YOUR TASK
Could you please retype all of the records exactly, skipping any pictures?

Stored data

__________________________________________________

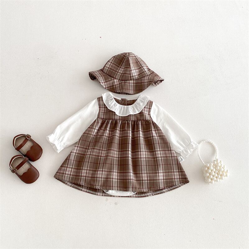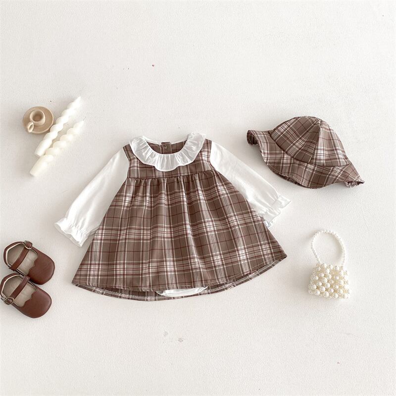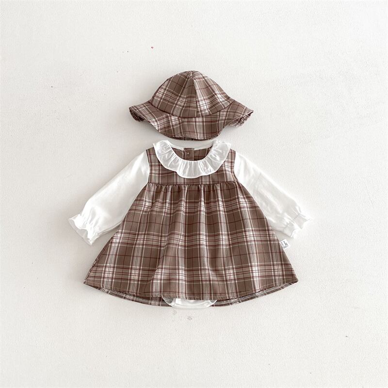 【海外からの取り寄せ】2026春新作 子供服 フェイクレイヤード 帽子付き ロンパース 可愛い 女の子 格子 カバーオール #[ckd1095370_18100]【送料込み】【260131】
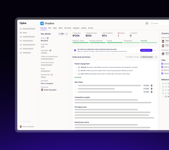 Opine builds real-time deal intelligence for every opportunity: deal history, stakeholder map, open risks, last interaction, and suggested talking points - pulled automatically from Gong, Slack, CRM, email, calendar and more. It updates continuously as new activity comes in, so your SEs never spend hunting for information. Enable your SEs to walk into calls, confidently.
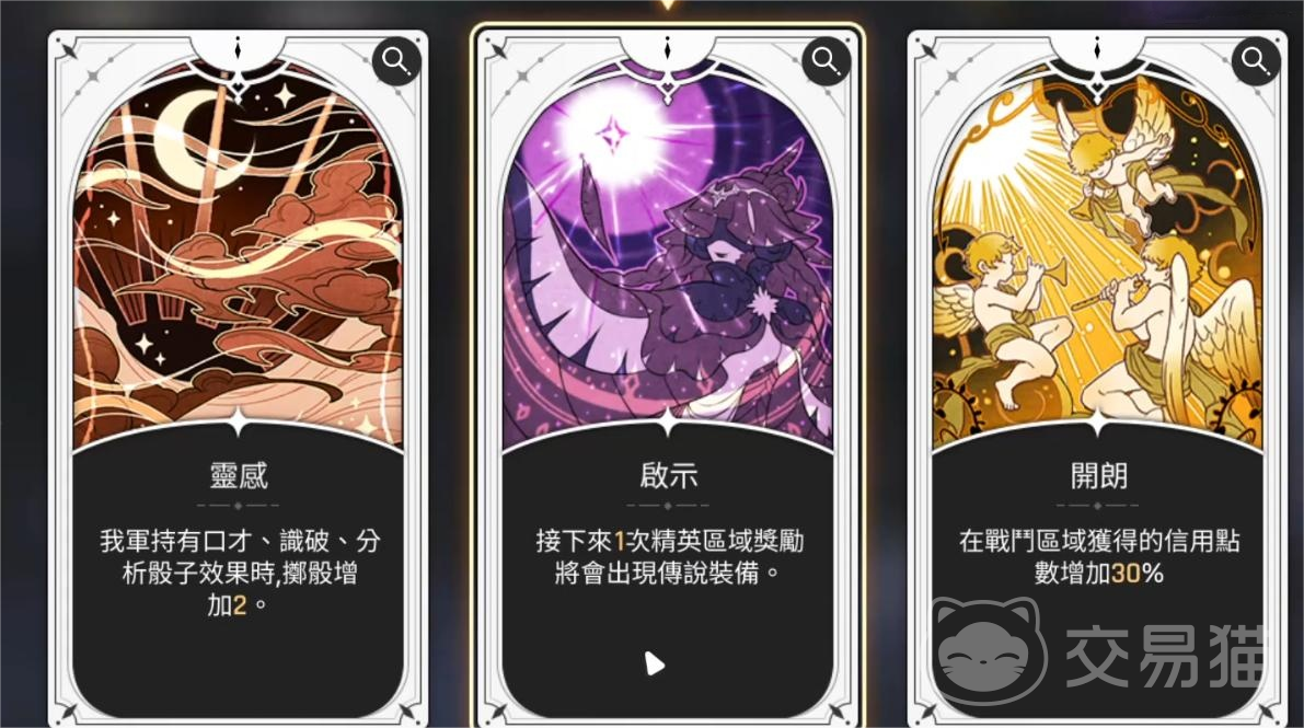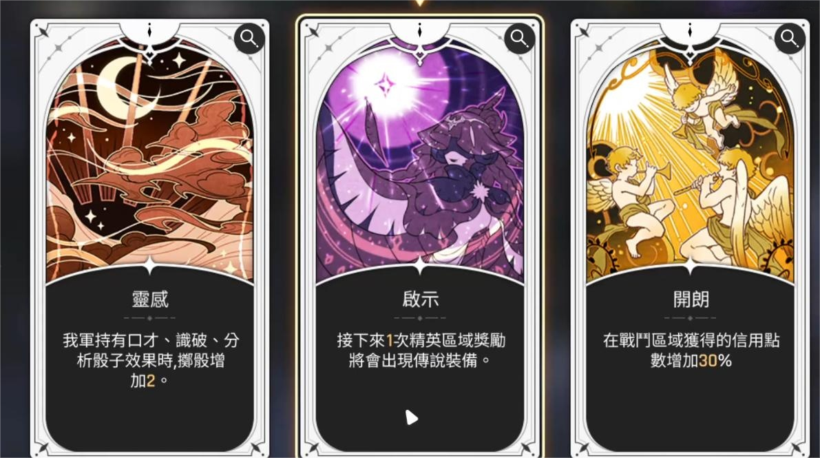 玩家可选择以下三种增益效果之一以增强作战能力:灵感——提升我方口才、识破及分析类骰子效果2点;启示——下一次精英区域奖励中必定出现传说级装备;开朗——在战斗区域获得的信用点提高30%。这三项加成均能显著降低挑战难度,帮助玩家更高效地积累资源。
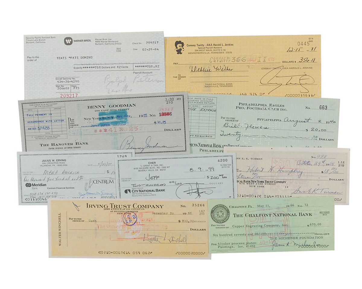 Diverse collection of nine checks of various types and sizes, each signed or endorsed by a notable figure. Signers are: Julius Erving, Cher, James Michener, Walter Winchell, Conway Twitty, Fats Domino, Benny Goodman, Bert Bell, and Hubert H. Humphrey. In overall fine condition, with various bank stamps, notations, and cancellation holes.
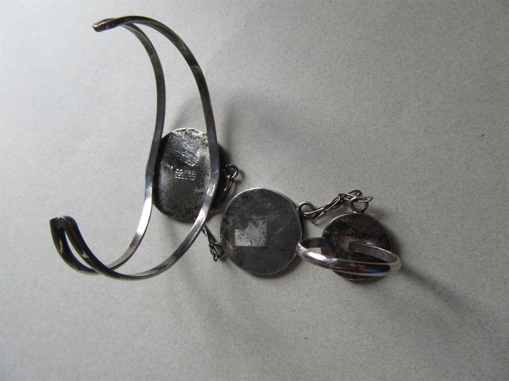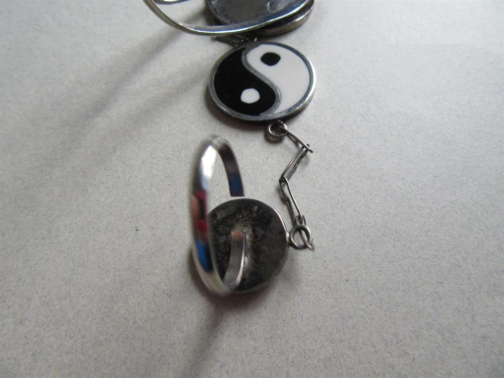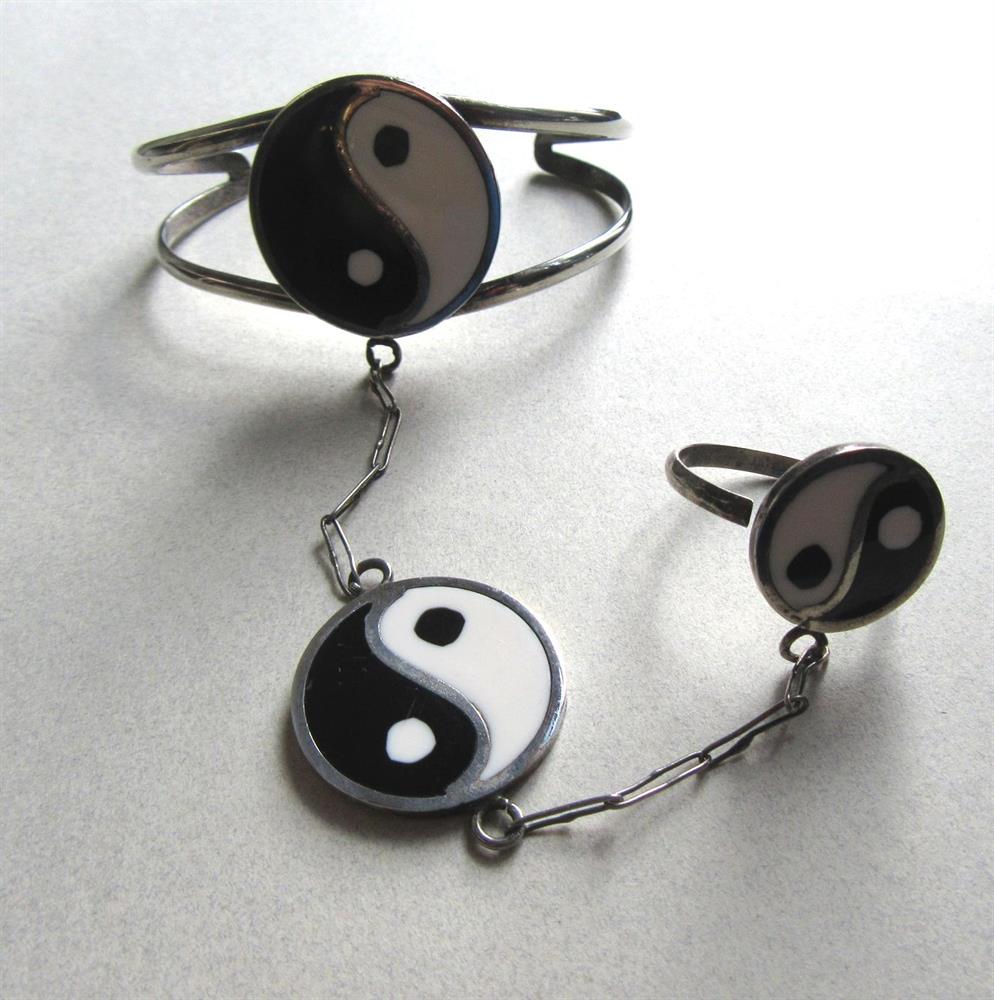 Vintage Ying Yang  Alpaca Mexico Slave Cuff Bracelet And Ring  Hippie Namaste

__________________________________________________

RESULT OF THIS EXERCISE
 【海外からの取り寄せ】2026春新作 子供服 フェイクレイヤード 帽子付き ロンパース 可愛い 女の子 格子 カバーオール #[ckd1095370_18100]【送料込み】【260131】
 Opine builds real-time deal intelligence for every opportunity: deal history, stakeholder map, open risks, last interaction, and suggested talking points - pulled automatically from Gong, Slack, CRM, email, calendar and more. It updates continuously as new activity comes in, so your SEs never spend hunting for information. Enable your SEs to walk into calls, confidently.
 玩家可选择以下三种增益效果之一以增强作战能力:灵感——提升我方口才、识破及分析类骰子效果2点;启示——下一次精英区域奖励中必定出现传说级装备;开朗——在战斗区域获得的信用点提高30%。这三项加成均能显著降低挑战难度,帮助玩家更高效地积累资源。
 Diverse collection of nine checks of various types and sizes, each signed or endorsed by a notable figure. Signers are: Julius Erving, Cher, James Michener, Walter Winchell, Conway Twitty, Fats Domino, Benny Goodman, Bert Bell, and Hubert H. Humphrey. In overall fine condition, with various bank stamps, notations, and cancellation holes.
 Vintage Ying Yang  Alpaca Mexico Slave Cuff Bracelet And Ring  Hippie Namaste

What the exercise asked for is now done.